TASK INPUTS:
- - -

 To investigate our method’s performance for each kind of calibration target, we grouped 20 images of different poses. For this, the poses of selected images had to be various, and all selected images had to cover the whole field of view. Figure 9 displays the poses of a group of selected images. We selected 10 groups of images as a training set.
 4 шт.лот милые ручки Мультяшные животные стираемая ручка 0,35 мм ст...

- - -

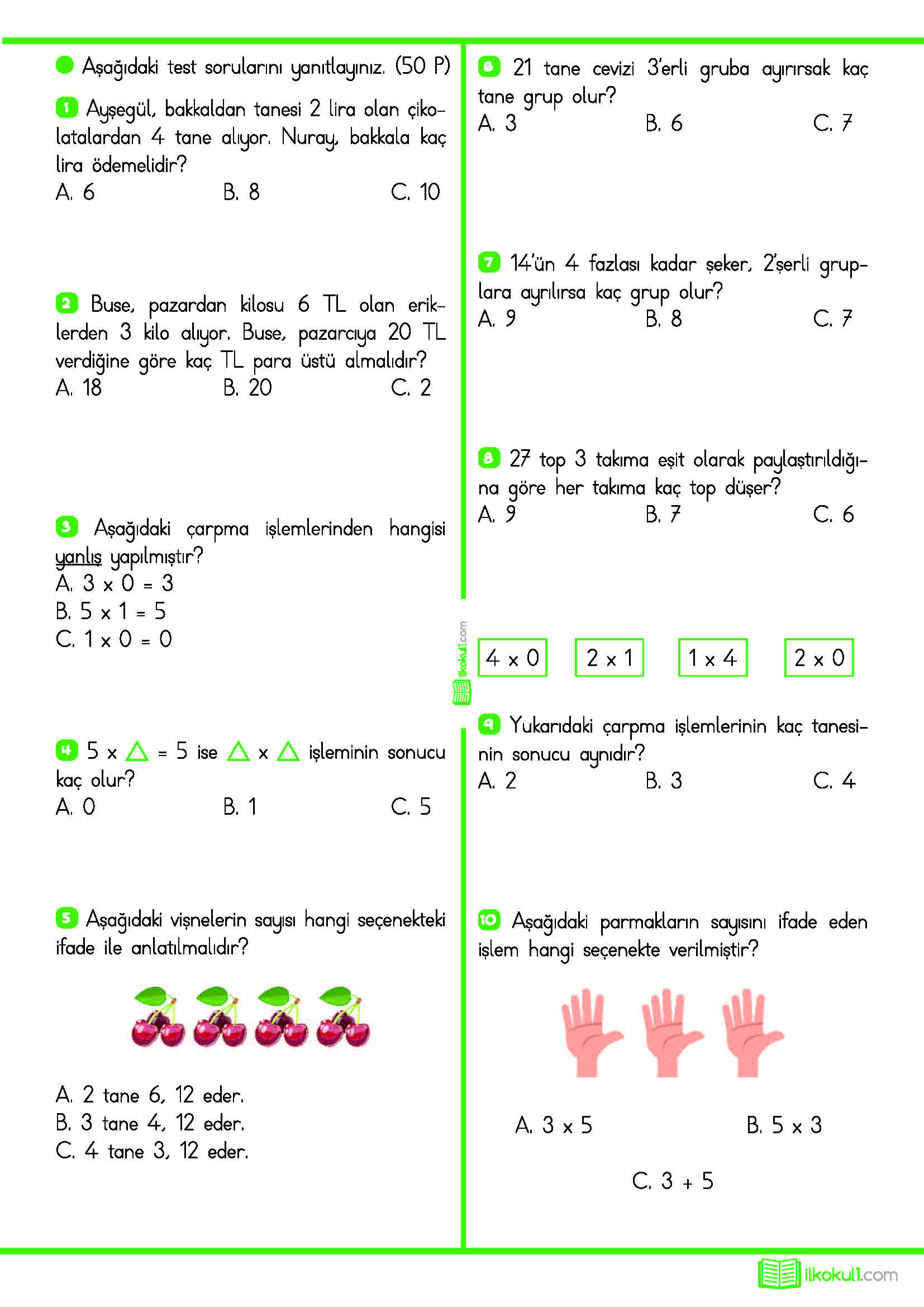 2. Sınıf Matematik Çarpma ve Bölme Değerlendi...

- - -

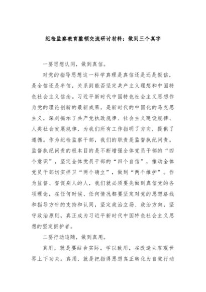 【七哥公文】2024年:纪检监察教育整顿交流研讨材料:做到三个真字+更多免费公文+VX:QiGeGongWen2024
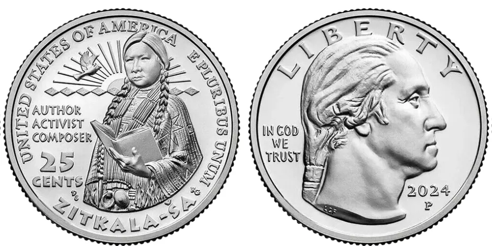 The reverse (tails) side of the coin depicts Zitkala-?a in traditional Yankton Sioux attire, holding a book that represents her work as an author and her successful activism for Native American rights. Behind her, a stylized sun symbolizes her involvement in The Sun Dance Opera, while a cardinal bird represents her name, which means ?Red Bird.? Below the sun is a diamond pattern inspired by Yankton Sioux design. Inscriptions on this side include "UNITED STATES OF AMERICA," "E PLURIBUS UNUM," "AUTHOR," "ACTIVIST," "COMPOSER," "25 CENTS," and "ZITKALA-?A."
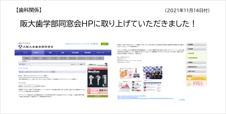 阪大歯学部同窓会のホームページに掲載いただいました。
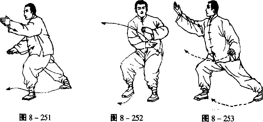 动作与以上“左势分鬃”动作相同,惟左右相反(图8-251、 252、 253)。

- - -

WHAT YOU WILL DO: Using only the entries above, output the line with "To investigate our", the line with "4 шт.лот милые", and all lines between them, exactly as they stand.

EXPECTED OUTPUT:
 To investigate our method’s performance for each kind of calibration target, we grouped 20 images of different poses. For this, the poses of selected images had to be various, and all selected images had to cover the whole field of view. Figure 9 displays the poses of a group of selected images. We selected 10 groups of images as a training set.
 4 шт.лот милые ручки Мультяшные животные стираемая ручка 0,35 мм ст...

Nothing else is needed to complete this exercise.